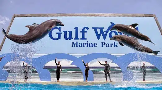 Gulf World Marine Park is located at 15412 Front Beach Road, Panama City Beach, Florida 32413. Open daily rain or shine. The marine park is home to a variety of animal species including bottlenose dolphins, California sea lions, harbor seals, penguins, tropical birds, stingrays
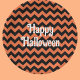 This black paper plate with orange and black chevron design has a Happy Halloween message for your party guests.
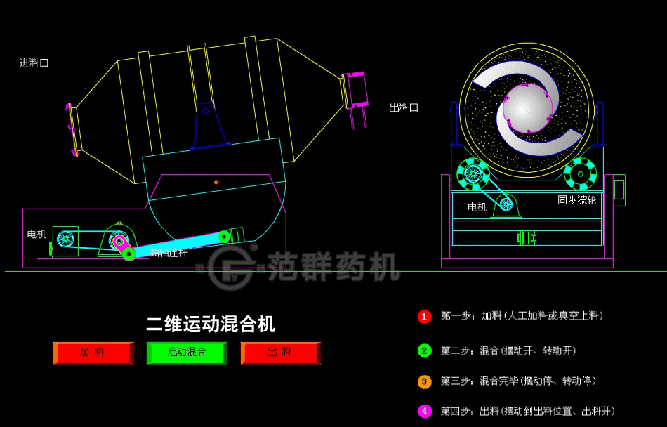 二維混料機主要由轉筒、擺動(dòng)架、機架三大部分構成。轉筒裝在擺動(dòng)架上,由四個(gè)滾輪支撐并由兩個(gè)擋輪對其進(jìn)行軸向定位。在四個(gè)支撐滾輪中,其中兩個(gè)傳動(dòng)輪由轉動(dòng)動(dòng)力系統拖動(dòng)使轉筒產(chǎn)生轉動(dòng),擺動(dòng)架由一組曲柄擺桿機構來(lái)驅動(dòng),曲柄擺桿機構裝在機架上,擺動(dòng)架由軸承組件支撐在機架上。
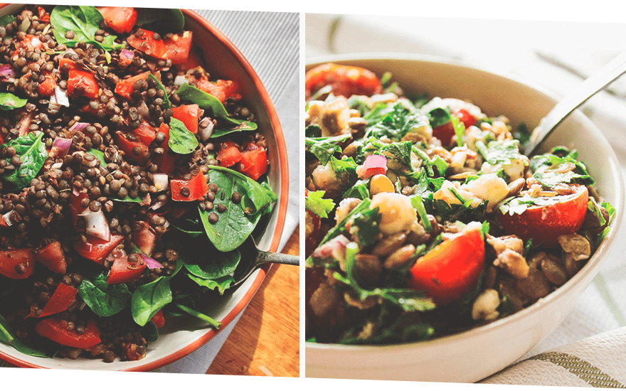 Русскому человеку такой салат напомнит кашу: основной ингредиент в нем чечевица. Блюдо сытное и полезное.
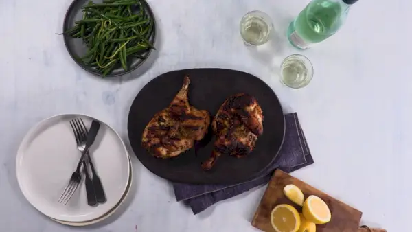 Reduzieren Sie die Grillhitze auf mäßig niedrig. Drehen Sie das Hähnchen um und grillen Sie es bei direkter Hitze unter gelegentlichem Wenden, bis es leicht verkohlt ist und ein sofort ablesbares Thermometer in den Innenseiten der Schenkel 160 °F anzeigt, weitere etwa 15 Minuten.
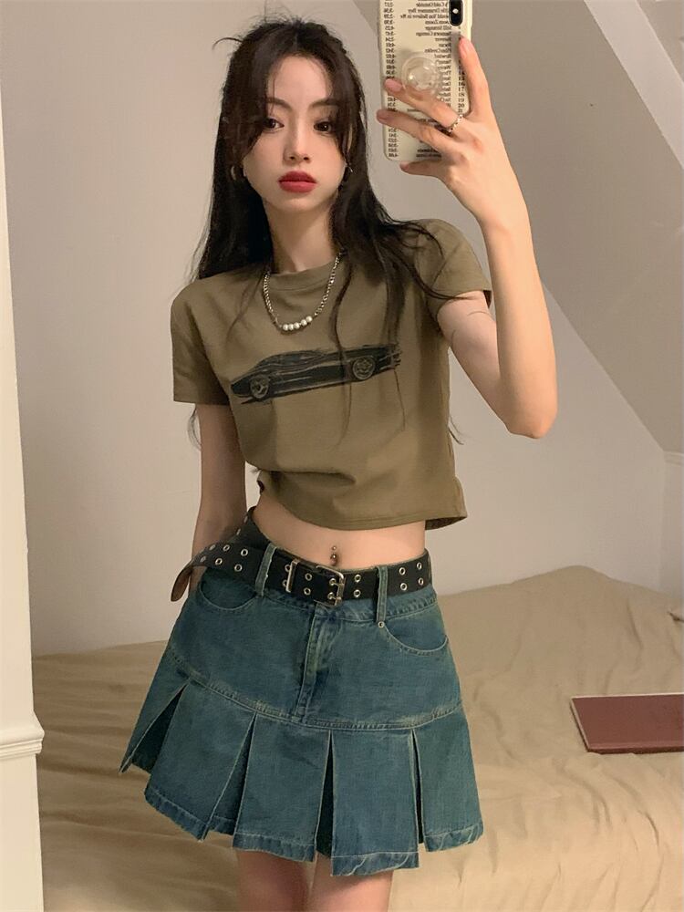 American retro short-sleeved T-shirt women's summer design niche 2022 new sweet slim short top clothes ショート レトロ 大人ガーリー スウィート キュート カジュアル サマー 夏物 スリム Tシャツ s576189638923159
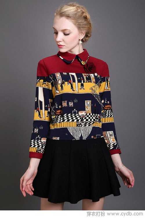 最后再更新一款印花打底衫吧,把客廳的景象都印染下來(lái),不按規(guī)矩出牌卻讓人覺(jué)得很是親切。娃娃翻領(lǐng)年輕了好幾歲,色彩雖然鮮艷但也劃分出好幾個(gè)層次,搭配黑色傘裙效果不賴。
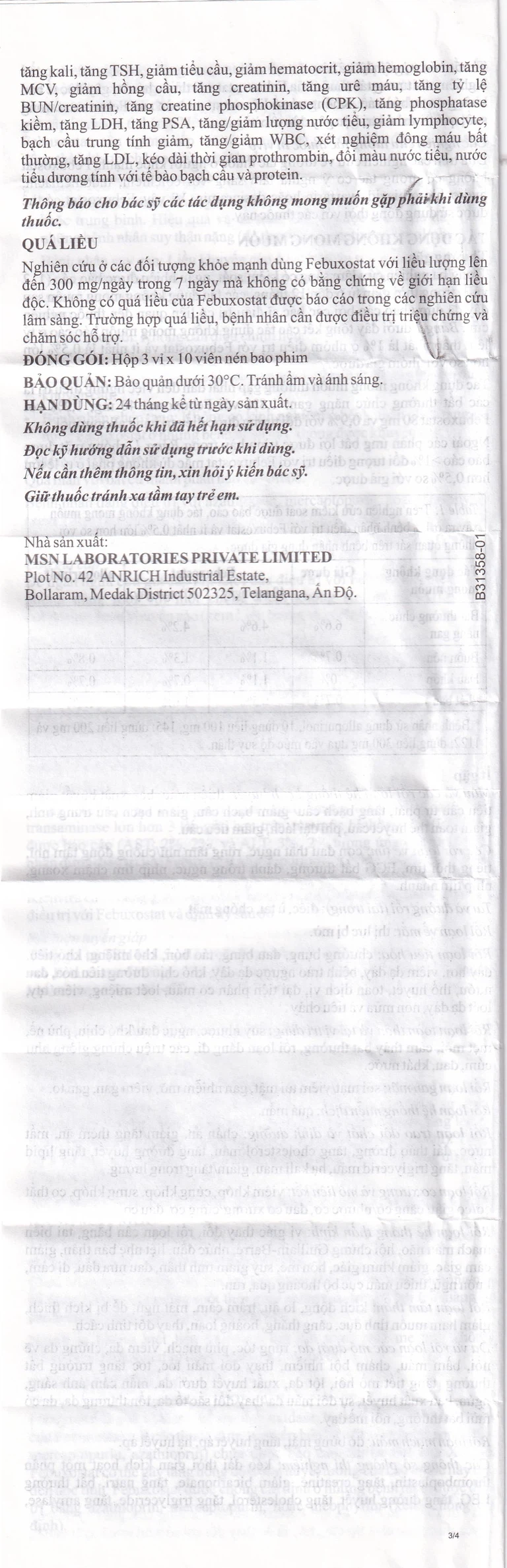 Rối loạn tuyến giáp: Tăng giá trị TSH (>5.5 IU/ml) được báo cáo ở bệnh nhân điều trị lâu dài với febuxostat (5.0%). Cần thận trọng khi sử dụng febuxostat ở những bệnh nhân có thay đổi chức năng tuyến giáp.
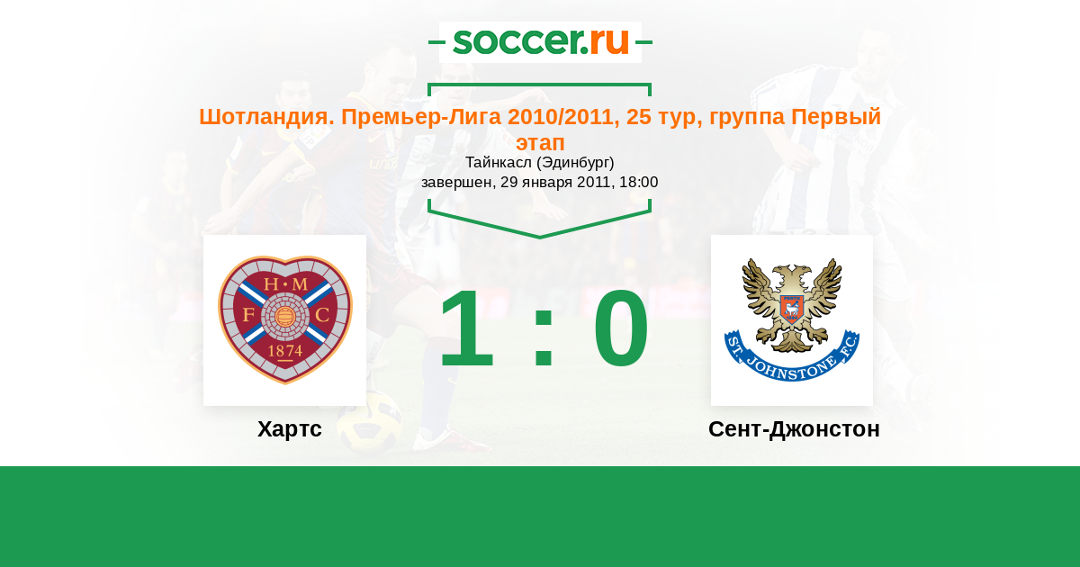 Шотландия. Премьер-Лига 13.11.2010 Сент-Джонстон Логотип футбольный клуб Сент-Джонстон (Перт) 0:2 Логотип футбольный клуб Хартс (Эдинбург) Хартс
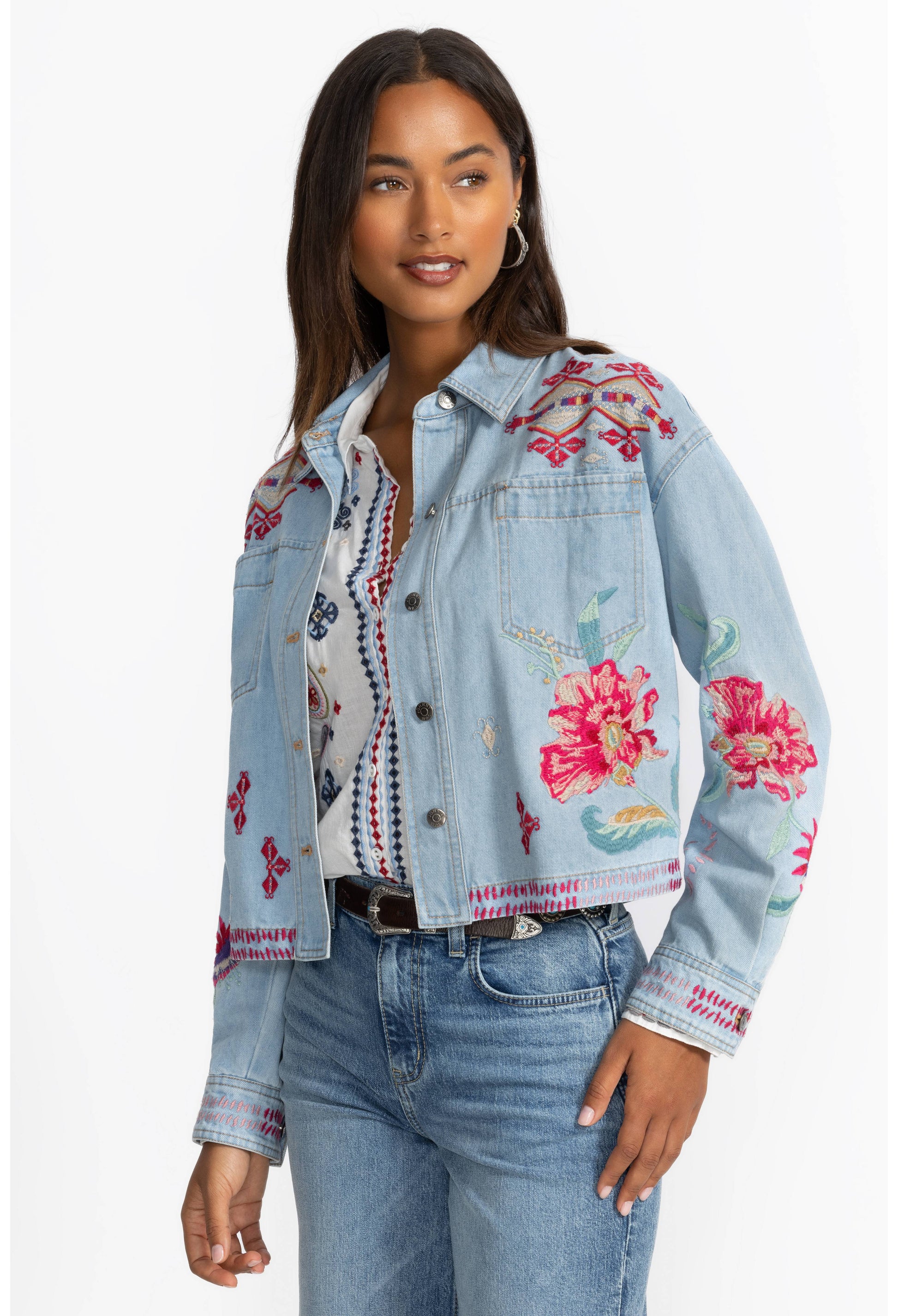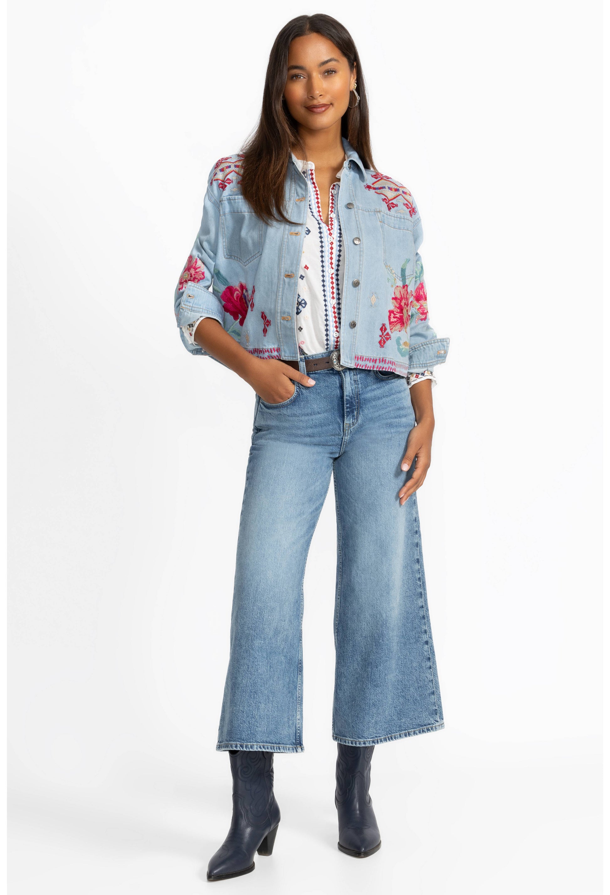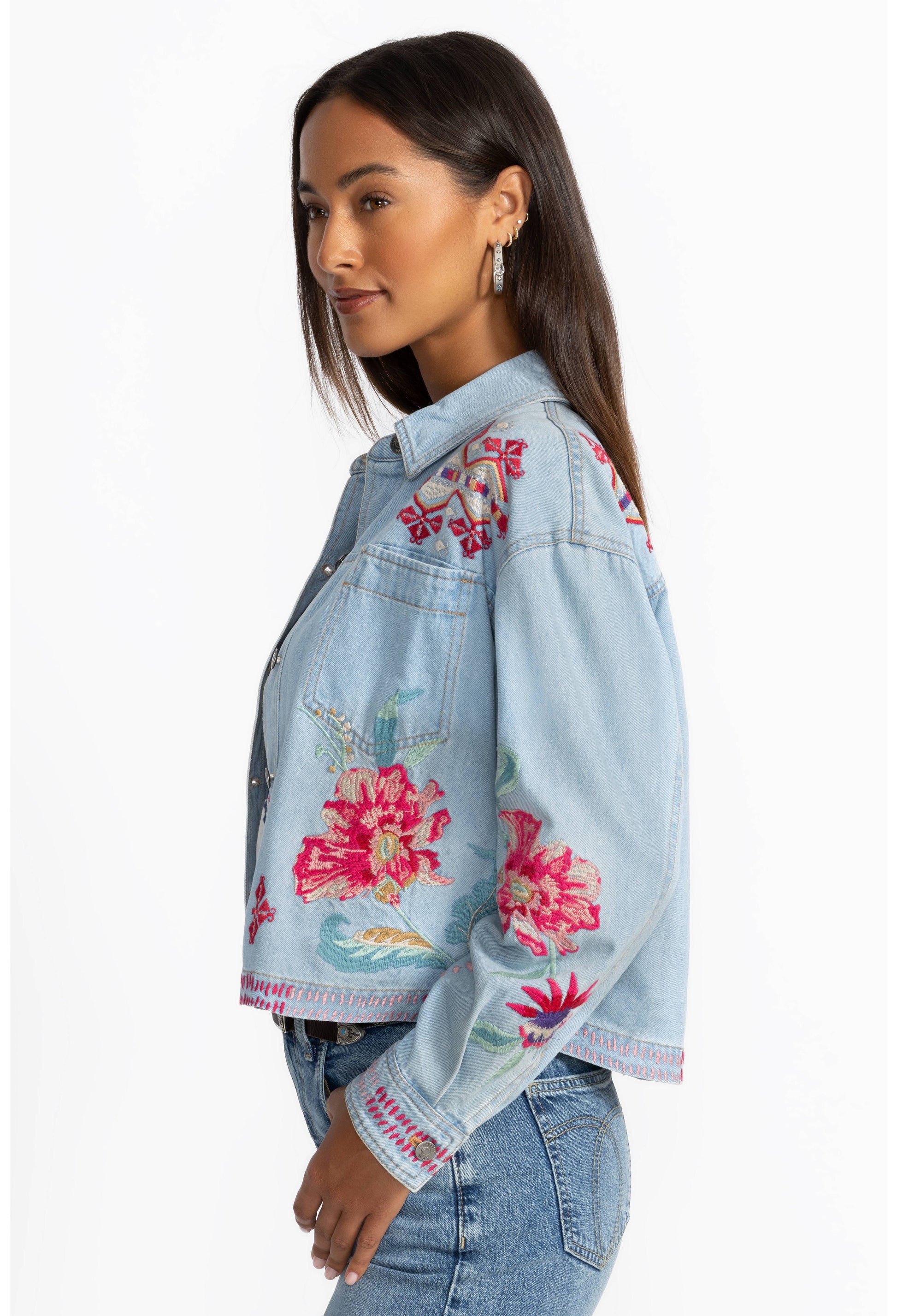Johnny Was Tallula Cropped Denim Jacket Denim Blue
□ □ □
Brief: Look above for the line with "最后再更新一款印花打底衫吧,把客廳的景象" and the line with "Rối loạn tuyến". Output those two and everything between them exactly, pictures excluded.

Expected output:
 最后再更新一款印花打底衫吧,把客廳的景象都印染下來(lái),不按規(guī)矩出牌卻讓人覺(jué)得很是親切。娃娃翻領(lǐng)年輕了好幾歲,色彩雖然鮮艷但也劃分出好幾個(gè)層次,搭配黑色傘裙效果不賴。
 Rối loạn tuyến giáp: Tăng giá trị TSH (>5.5 IU/ml) được báo cáo ở bệnh nhân điều trị lâu dài với febuxostat (5.0%). Cần thận trọng khi sử dụng febuxostat ở những bệnh nhân có thay đổi chức năng tuyến giáp.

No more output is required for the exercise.